Bill Hieber, who was a member of Phi Kappa Tau fraternity, received his AB from Ohio University's College of Arts & Sciences in 1934. A native of Akron, Ohio, his career included service in the United States Navy; as a Sanitarian, an environmental health professional; as a paralegal; as a notary public; and as owner of a motel in Florida. He also was a member of the Ancient Arabic Order of the Nobles of the Mystic Shrine for North America (Shriners). He passed in 1995. He and Margaret Taylor were married in 1943 in Painesville, Ohio. Margaret Hieber, who was a native of Cleveland, was a registered nurse and helped her husband run their motel. She passed in August of 2003.

"Margaret was a little person, but she was a Mighty Mouse," said Carol Buck, trustee of the Hieber estate and the administrator of a long-term facility in which Margaret Hieber resided. "She was a strong-willed, gutsy gal with tons of friends. You couldn't help but like her."
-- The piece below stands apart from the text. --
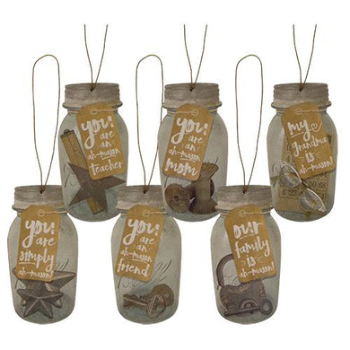 Ah-Mason Jar Ornament 6 Asstd. (Pack of 4)

In their estate, the Hiebers set aside a share of their Trust to establish a need-based scholarship fund at Ohio University – $430,000 of which has already been received by The Ohio University Foundation. The remainder of the funds is expected soon. The scholarship fund will support the Ohio University Urban Scholars Program. The mission of the Urban Scholars Program is to provide scholarships for students graduating from urban school districts – including Akron and Cleveland, the Hiebers' hometowns – who demonstrate academic achievement and financial need. Preliminary goals include recruiting and supporting 10 Urban Scholars who will begin classes in the fall of 2005 and eventually supporting 100 new scholars annually by providing support for tuition and fees.
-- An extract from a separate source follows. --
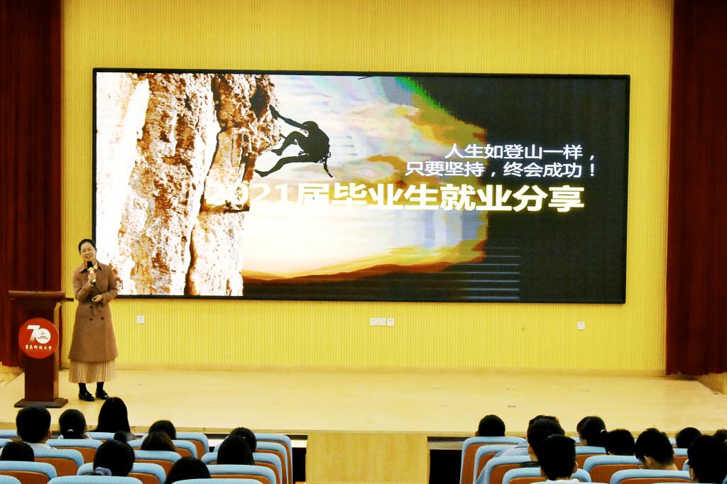3月25日下午,2021届毕业生就业报告会在四方校区讲学厅举行,公司党委副书记孙明媚,团委书记秦洪庆,教学办秘书陈萃、李金桐,毕业生辅导员耿赛、李孟迪,高质量就业员工代表宋昱、李秋雨、王玉山、李幸,以及毕业生100余人参加。

"This program is designed to target that tier of students who sometimes get missed as universities compete for the top percentage of members of underrepresented student populations," said Roderick McDavis, president of Ohio University. "This approach allows us to focus on some of our diversity challenges in a unique way. By offering scholarships to students from Ohio's inner cities who really want to go to college and want the opportunity to succeed, we renew our commitment to promoting an atmosphere where understanding and accepting cultural differences is a top priority."

"Ohio University is committed to making positive changes for all of our students. The goal of this particular Program is to enhance the collegiate experience for our students hailing from urban centers, which will benefit all students by better preparing them to enter a diverse workforce," said Leonard Raley, vice president for University Advancement.

Chartered in 1804, Ohio University is fully accredited by the North Central Association of Colleges and Schools at bachelor's, master's and doctoral levels. Students come from every state in the union and 100 different countries. Presently enrolling more than 29,000 students on the Athens campus and five regional campuses, Ohio University offers 285 undergraduate majors through 10 academic colleges and the Center for International Studies. The University also offers master's degrees in nearly all areas, 20 doctoral degrees and a doctoral degree in osteopathic medicine.

The Ohio University Foundation is the repository for all private gifts through annual giving programs, capital, and special campaigns and planned or deferred gifts. The Foundation is an institutionally related, non-profit, tax-exempt, 501c(3) organization.